Astounding collaborative effort
Looking through a list of articles in which he’s included as an author, some of them seem quite astounding collaborative efforts. One example, taken at random, is from 2022 and appears in Physical Review, the journal of the American Physical Society. The title is ‘First Measurement of the Z→μ+μ− Angular Coefficients in the Forward Region of pp Collisions at √s=13 TeV’, and if you, dear reader, haven’t the foggiest notion of what this means or its relevance to psychiatry, neither have I. The purported authors run to well over 1,000. (I am not making this up.)
It’s all hypothetical
Back to psychiatry, here’s a taste of Prof Stahl’s approach from another video, ‘Symptoms to Circuits in Mood Disorders’:
‘If patients have psychomotor fatigue [physical fatigue originating in the mind] for example, this points to something wrong with the circuit that impinges on the motor striatum. If they have problems with interest this might be the ventral striatum. If they can’t concentrate it’s the prefrontal cortex. On and on and on. [Yes, this is how he goes.] You can deconstruct the nine symptoms of depression into specific hypothesized screwed up brain circuits. And if you have an inefficient information processing in one part of the brain, you’re going to try to restore that to efficiency in order to remove symptoms.’ (My emphasis.)
In the video we can also see a slide on which is written: ‘Match each diagnostic symptom for a manic episode to hypothetically malfunctioning brain circuits.’ (My emphasis.)

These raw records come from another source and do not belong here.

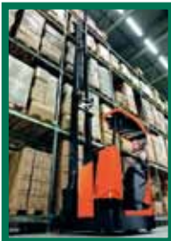
Les préparateurs de commande à cabine inclinable réduisent les contraintes au niveau de la nuque lors des opérations en hauteur
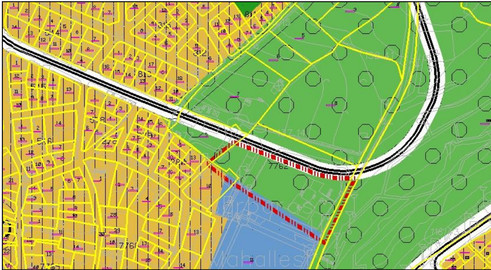
1/5000 Ölçekli Demirtaş Belediyesi Nazım İmar Planı
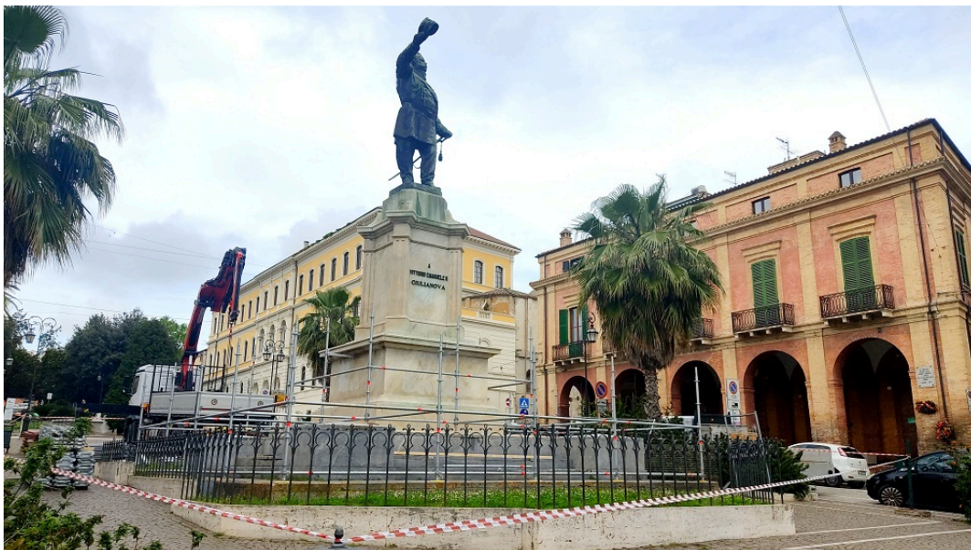
Piazza della Libertà, Vittorio Emanuele II
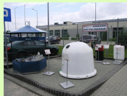
PSZOK w Radomiu
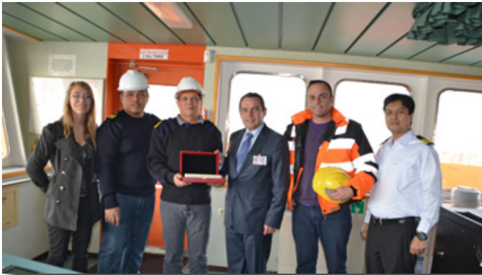
Recepción del barco Torm Valborg , primer petrolero de 100.000 t en el muelle de la Química. Reception of the Torm Valborg, the first 100.000 t oil tanker in the Chemical Quay.
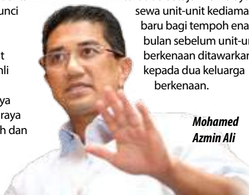
Mohamed Azmin Ali

Pada masa sama, Kerajaan Negeri turut bersetuju membiayai kos sewa unit-unit kediaman baru bagi tempoh enam bulan sebelum unit-unit berkenaan ditawarkan kepada dua keluarga berkenaan.
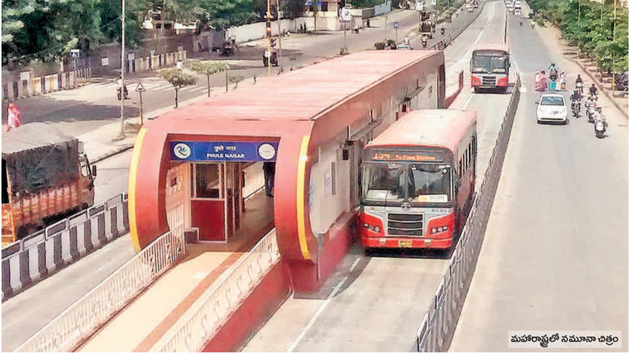
మహారాష్ట్రలో నమూనా చిత్రం

మెట్రో విస్తరణకు అనుకూలం లేని, జనసందారం ఎక్కువగా ఉండే ప్రాంతాల్లో ఎబివెటిడీ బస్ ర్యాపిడ్ ట్రాన్స్ పోర్టులను నిర్మించాలని హైదరాబాద్ అర్బన్ మెట్రోపాలిటన్ ట్రాన్స్ పోర్టు అథారిటీ ప్రత్యేక నివేదిక రూపొందించింది. ఇందులో భాగంగా నగరంలో మొదట దశలో దాదాపు 70 కిలోమీటర్ల మేర మెట్రో అందుబాటులోకి వచ్చింది. కానీ ఎప్పుడో నిర్మించాల్సిన బీఆర్ టీఎస్ ప్రాజెక్టును కాంగ్రెస్ సర్కారు కాగితాలకే పరిమితం చేసింది. గతంలో బీఆర్ టీఎస్ ప్రభుత్వం ఈ ప్రాజెక్టు విషయంలో ఉన్నత స్థాయి సమీక్ష సమావేశం ద్వారా రూ.3 వేల కోట్ల అంచనా వ్యయంతో తొలి దశలో 22 కిలోమీటర్ల మేర ఈబీఆర్ టీఎస్ నిర్మించాలని ప్రతిపాదించింది. దీనికి అనుగుణంగా భూసేకరణ, ప్రాజెక్టు డిజైన్లు, రూట్ మ్యాప్, మెట్రో అనుసంధానం వంటి అంశాలతో పకడ్బందీ ప్రణాళికలను సిద్ధం చేసింది. కాంగ్రెస్ ప్రభుత్వం పాత ప్రణాళికలను పక్కనపెట్టింది.. మెట్రో విస్తరణ పేరిట ఫోర్ట్ సిటీకి మళ్ళించింది.
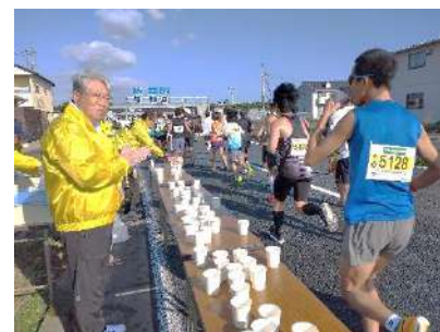
11月3日 ぐんまマラソンの給水ボランティア 自治会役員、スポ協、育成会、お助け隊によって行なわれました。

This is where it all falls down. A symptom is a symptom; a diagnosis is a diagnosis. What is a ‘diagnostic symptom’? And in particular, note ‘hypothetically malfunctioning’. It’s all hypothetical.
I am indebted to Dr Peter Gøtzsche for the following information:
‘Sixty-two psychiatrists received $1 million or more from 2014 through 2020. The top earner was Stephen Stahl. He earned $8.6 million, with $6.6 million coming from Pharmaceuticals that sells vortioxetine (a so-called antidepressant)…In 1991 the Office of Scientific Integrity at the US Department of Health and Human Services determined that Stahl had been the lead author on two papers that were ‘seriously misleading’ and that he was guilty of plagiarism in a book chapter. Stahl, then a professor of psychiatry at Stanford University, moved to a position at the University of San Diego, and the scandal was quickly forgotten. For the past 25 years, Stahl has been one of the most influential psychiatrists in the world regarding the use of psychotropic medications. His textbook, Stahl’s Essential Psychopharmacology, and his clinical manual, Essential Psychopharmacology Prescriber’s Guide, can be found on the bookshelves of many of those who prescribe psychiatric drugs. In 2000, he founded the Neuroscience Education Institute, a medical education company that produces webinars and courses on psychopharmacology. It openly promises pharmaceutical companies that it can help them sell their drugs. It also publishes CNS Spectrums, a peer-reviewed journal with Stahl as Editor-in-Chief. As new drugs are tested and earn FDA approval, he frequently writes articles about them, often in his own journal. Stahl’s lectures and scientific presentations have been distributed as more than a million CD-ROMs, internet educational programs, videotapes, audiotapes, and programmed home study texts…to hundreds of thousands of professionals in many different languages.’
Documentation of the above claims can be found here.
Orthodox psychiatry is a house of cards and Prof Stahl admits as much in his self parody.